Oh I love a puppy! The thing that is hard to wrap our heads around is that they don't mind their crates! Having it in your bedroom is a plus, although you may hear a sound that is like a cat. Or barking. It is much like an infant. Good luck!


----------



## JayBen (Aug 30, 2012)

Lucy is 15 months old. We are going to try giving her free roam while were at work next week. She has been out of her crate at nights and when we go out for short trips and she has been fine. There was kind of a point where we knew she would be ok...I think every dog is different.


----------



## Dipper (Aug 5, 2013)

Every dog is different. First golden was trustworthy by 9 months- never had any chewing issues. New pup- now 10 months is in a major chewing and mischievous stage. Do not trust him out of my sight at all. He is a thief and will grab anything he can and impossible to get it back without a "trade". He has mostly destroyed his toys- loves socks! where is the "soft mouth" I always heard was the norm for Goldens? I need a crowbar to pry Dipper's mouth open. We are looking forward to this chew stage being over. I am trying to wait til he's at least a year old to neuter but not sure we are going to make it. I'm not sure that will change any of this behavior though.


----------



## Michele4 (Oct 28, 2012)

Murphee was about 8 months when we let him roam. The only thing he has ever chewed on is his dog bed, he won't destroy it but he'll chew on the corners when he is board, drives me crazy.


----------



## KathyL (Jul 6, 2011)

I also had experiences with my two that I got as pups where the serious chewing was more around a year to year and a half. Both caught on to potty training within 2-3 weeks but the minute they woke up I was outside with them so they never had a chance to have an accident. I used a crate for just the first few months and used a baby gate and restricted them to the kitchen area and moved out anything and everything I could. I learned the hard way thinking they were past the chewing stage when they were not. I had a bad experience with a crate -- Mikey's collar caught onto the crate when I accidentally dropped something and startled him. I never used a crate again. An enclosed pen is really nice if you have enough room.

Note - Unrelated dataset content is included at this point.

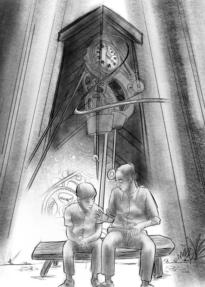 Las autoridades oían los campanazos y decían: ¡Ahí está el preso! Pero a la mañana siguiente la campana dejo de sonar… entonces dijeron ¡Quizá el hombre se murió! y corrieron a abrir la cárcel… ahí lo único que encontraron fue el enredijo metálico, la campana y la hediondez… ¡Se había inventado el primer reloj!” me dijo mi papá … y yo como estaba chiquito creí que el reloj que estaba allí en la torre y que yo había visto antes era el mismo. Así es como terminó mi fregadera ¡Qué gran mentirota la que me conto mi papá! pero yo me quede contento.

As said they are all different. And it's that one time you leave for 1/2 hour that you come back and find something but can't quite figure out what it was -- for me often a favorite shoe or leather glove.


----------



## SusanLloyd (Sep 30, 2013)

I wouldn't let an uncrated puppy under 6 months be out of my sight for more than a couple of minutes, day or night! Harvey is generally a very good boy and hasn't had an 'accident' for over a month but for his own safety more than anything I prefer to keep a pretty close eye on him. I don't plan to let him roam the house when I'm out for a lot longer yet. (He's just coming up to 6 months old.)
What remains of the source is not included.